Curiously enough, Gabbard fills the seat opened by Democrat Mazie K. Hirono, who left the House, and upon her election in November, will become the first professing Buddhist ever to serve in the U.S. Senate.

Democrats, in fact, make up the vast majority of minority faiths in Congress.

In the new, 113th Congress, for example, 32 of the 33 Jewish lawmakers to serve will be Democrats; the three Buddhists (Hirono in the Senate and two others in the House) are Democrats; the two Muslims are Democrats; the only Hindu and only Unitarian Universalist are Democrats; and the 10 lawmakers who will not specify their religion are also Democrats.

Only among Protestants, Orthodox Christians (with a tally of 3 to 2) and Mormons (by a margin of 12 to 3) do Republicans hold the numerical advantage.

Rep. Kyrsten Sinema, D-Ariz.

Then, there’s the case of incoming freshman Rep. Kyrsten Sinema, D-Ariz., who represents a portion of Maricopa County (of Sheriff Joe Arpaio fame) in Arizona.

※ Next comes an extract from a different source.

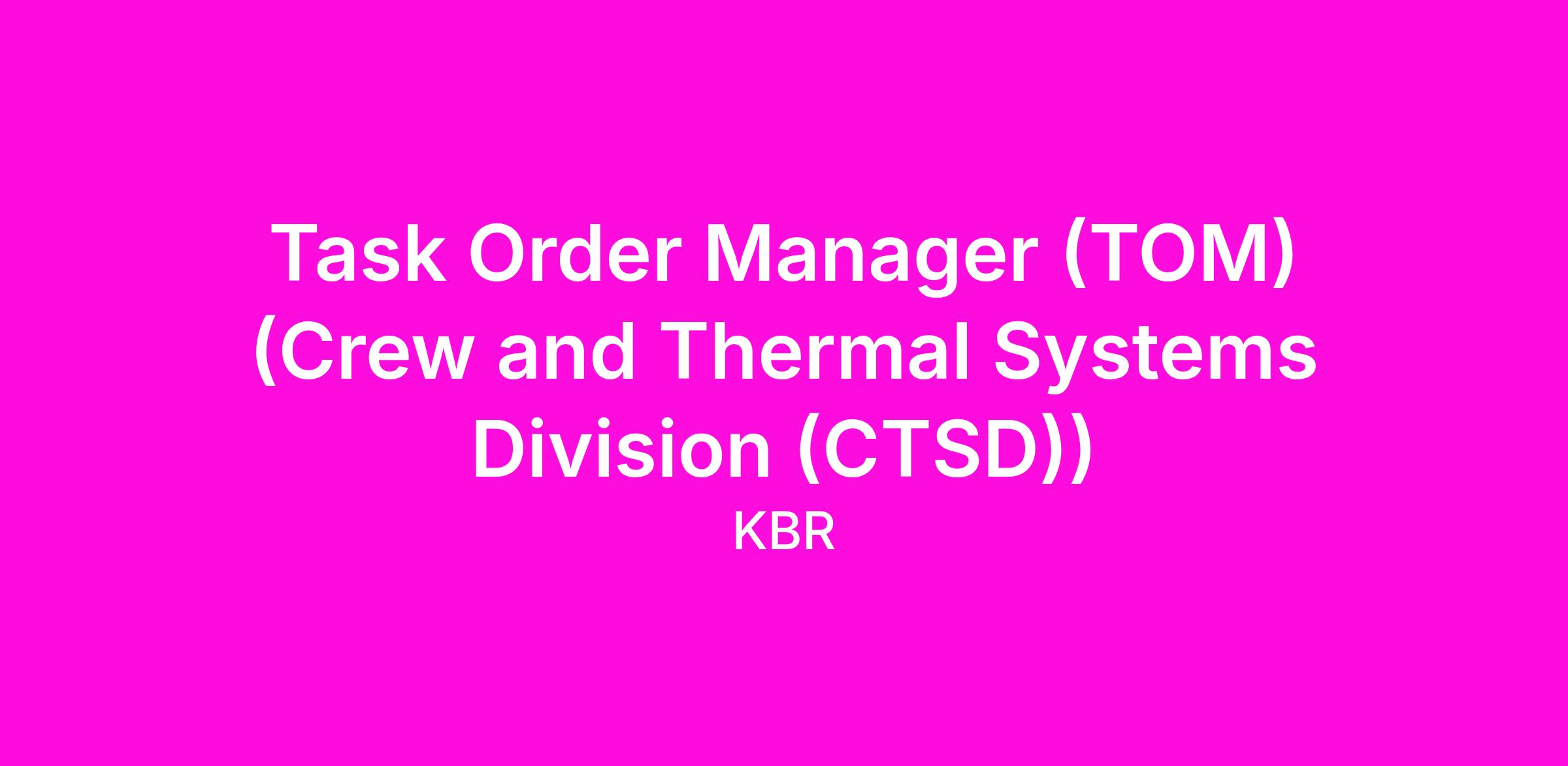 Task Order Manager (TOM) (Crew and Thermal Systems Division (CTSD))Belong. Connect. Grow. with KBR!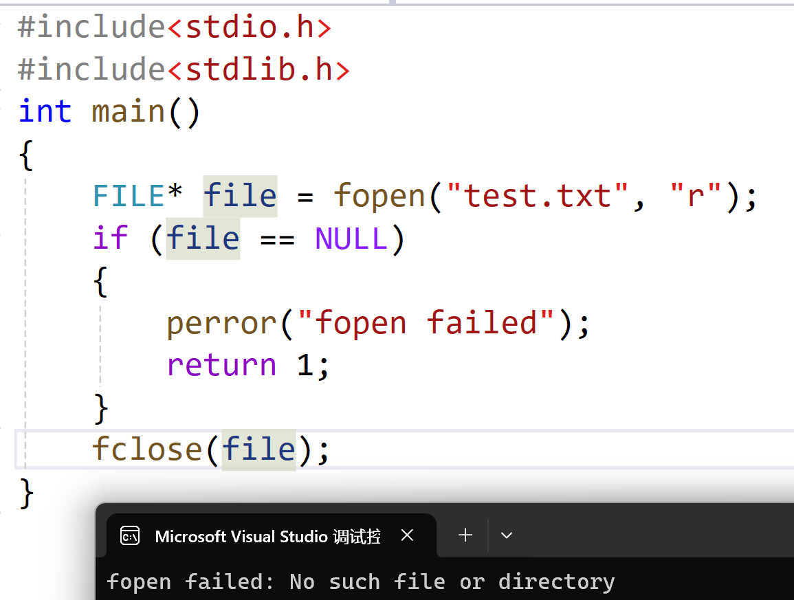 if (file == NULL) { perror("Error"); return 1; }

Sinema will become the first member of Congress to list her religious faith as “none.”

Described as a non-theist and presenting herself as openly bisexual, Sinema was raised by Mormon parents and graduated from Brigham Young University, but has said her politics came into conflict with her religious upbringing.

Sinema’s faith – or lack thereof – became a point of contention during the 2012 election, when her opponent’s campaign created a web advertisement that accused her of participating in “pagan rituals” during an anti-war protest and depicted her as a 1970s-style, liberal hippie.

The “psychedelic” advertisement can be seen below:

The “pagan” allegations came from an email posted on the Arizona Alliance for Peace & Justice website, purportedly from Sinema, in which she allegedly described a confrontation at a anti-war protest she was attending: “As my ‘protest buddy’ and I were singing and spiraling in the pagan’s circle only 5 rows back from the police line (which was over 25 rows thick), we noticed the police were putting on additional gear beneath their plastic face shields.”

Pew also noted that in the past 50 years, there have been some significant shifts in representation among varying Protestant faiths. For example, Methodists, who made up 18 percent of the 87th Congress, which was seated in 1961, now make up only 9 percent of the 113th Congress. Episcopalians and Congregationalists have seen similar declines, while Baptists and unspecified Protestants have seen small gains.

The figures reported for the 113th Congress reflect those being sworn in on Jan. 3, 2013, and exclude two recently vacated seats previously held by Rep. Jesse Jackson Jr., a Baptist Democrat from Illinois, and Rep. Tim Scott, an unspecified Protestant Republican from South Carolina, who is counted among the senators after taking over for former Sen. Jim DeMint.